Is playing live significantly different now that you rely more on live instrumentation than you have on previous albums/tours?

NRD: Honestly, it’s hard to understand what’s different on stage now. But something has changed. Maybe it’s because the new songs demand a new type of performance. The stage now feels less like a trap, and more like a public exorcism. Technically, there’s just so much more effort than ever before. There’s more margin for error, more confrontation, and I’m at the mercy of the people in

front of me because now I’m actually looking them in the eyes.

What’s the role or influence of place on your music? I understand you’ve moved around the States a lot, including to the remote Pacific Northwest – how does that impact your sound and/or subject matter?

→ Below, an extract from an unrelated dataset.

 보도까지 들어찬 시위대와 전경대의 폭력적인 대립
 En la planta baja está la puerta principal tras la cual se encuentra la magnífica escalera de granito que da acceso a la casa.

NRD: Music isn’t made in a vacuum. It’s made in the world, and listened to in the world so the environment is constantly alive in the music. I’m extremely sensitive to my environment, maybe for this reason. My music will change based on where I am when I made it, because music reacts to its surroundings. Sometimes it’s a raw deal to be a musician, because you’re expected to create something completely out of context to the environment, and you have no control over the place in

which it’s being experienced by the user. I wish you could make music in a specific place, and it could be experienced only there. Because so much of the context of music is based on the environment in which it was created. That’s why I love film music so much, because it is given the opportunity to exist in a very controlled environment, and you’re given all the sensory parameters. It’s so much more holistic that way. But it’s a fun challenge as a musician to try to communicate an

entire multi-sensory world through just audio.

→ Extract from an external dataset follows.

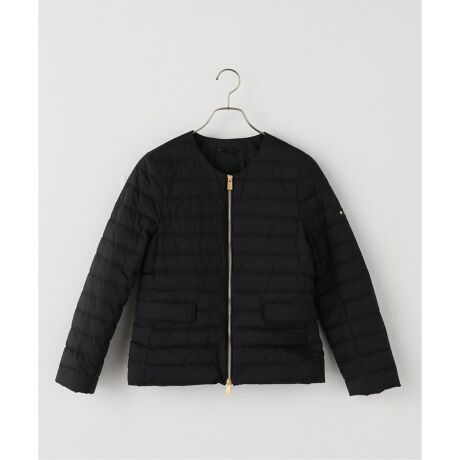 TATRASの代名詞ともなっているノーカラージャケット型のダウンです。コンパクトなダウンアイテムで気になってしまう肩の張りを極力抑えながら、着用での可動域はバスト、袖に分散するパターンテクニックでコンパクトの見え方にさせています。ウエストの絞りも前後で大きく絞りメリハリのある美しいシルエットを作っています。

A lot of your music has strong industrial and gothic elements to it, maybe less so on Taiga than on previous albums. You’ve talked about your musical and literary influences before, but does visual art influence your work too?

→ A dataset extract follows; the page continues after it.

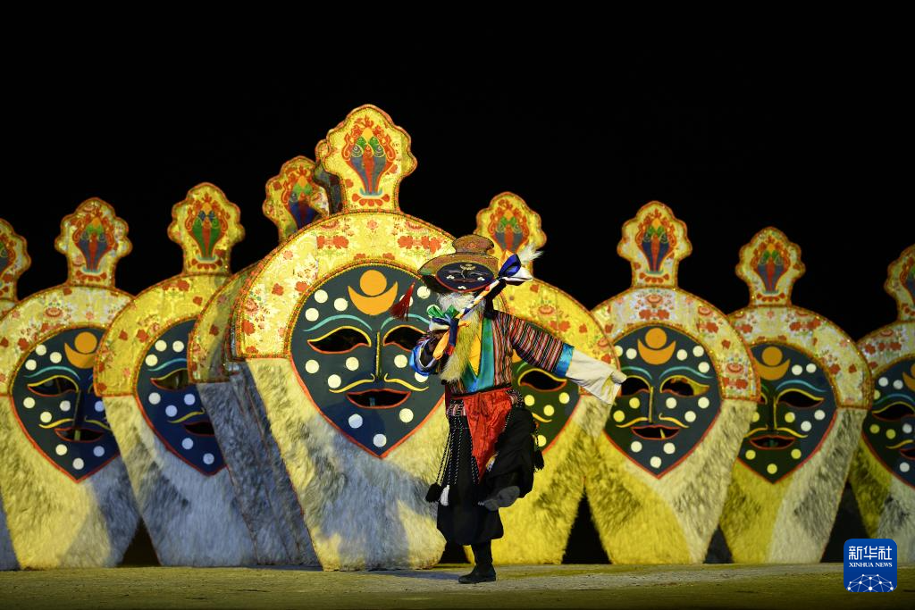 2021年4月10日,演員在大型實景劇《文成公主》中表演藏戲片段。拉薩布制面具制作技藝西藏自治區(qū)級非遺傳承人西洛創(chuàng)辦的拉薩市達孜區(qū)雪鄉(xiāng)扎西崗傳統(tǒng)手工藝合作社多次為該劇提供道具支持。新華社記者 孫瑞博 攝

NRD: Visual art certainly is the biggest influence on my work. Mostly architecture. I love looking at buildings and trying to create a song that would exist within the structure. I’m very inspired by Frank Lloyd Wright, Tom Kundig, George Suyama, Tadao Ando, Louis Khan. I also love sculpture art. I’ll look at a Richard Serra or Donald Judd sculpture, and wonder what sound it would make. I also love film because it is, in my opinion, the most advanced art form. It takes literary, visual, and audio sensory and puts it all together into one massive work. That’s what I love about directors like Andrei Tarkovsky, Hiroshi Teshigahara, and Peter Greenaway – they use every aspect of the film to communicate an idea so much larger than the disparate parts.

How does your visual presentation – your use of black and white clothing and modern, sometimes futuristic styles – relate to your music?

NRD: Again, it’s all a part of the holistic representation of the music. What does

the music sound like? What does it look like? How could you wear the music? This

is all happening organically. The music comes from within, and so does the

impulse to represent it visually. The things I’m drawn to aesthetically are

connected in this giant web. It’s innate, you know, and I don’t really think about it.

But it’s all coming from the same muscle.

What’s next for you?

NRD: Tour. I’m not done with Taiga. I still wake up in a sweat every day trying to

understand the record and I’m still trying to figure out how to explain the idea —

not only to myself, but to the public. I’ve been writing a little bit, but it all still feels

like Taiga. I’m starting to realise, you can’t choose when you’re done with

something, or why it’s even there in the first place. You can only chase the thread.

Zola Jesus is currently on a North American tour. She plays Latitude Festival in Suffolk in July.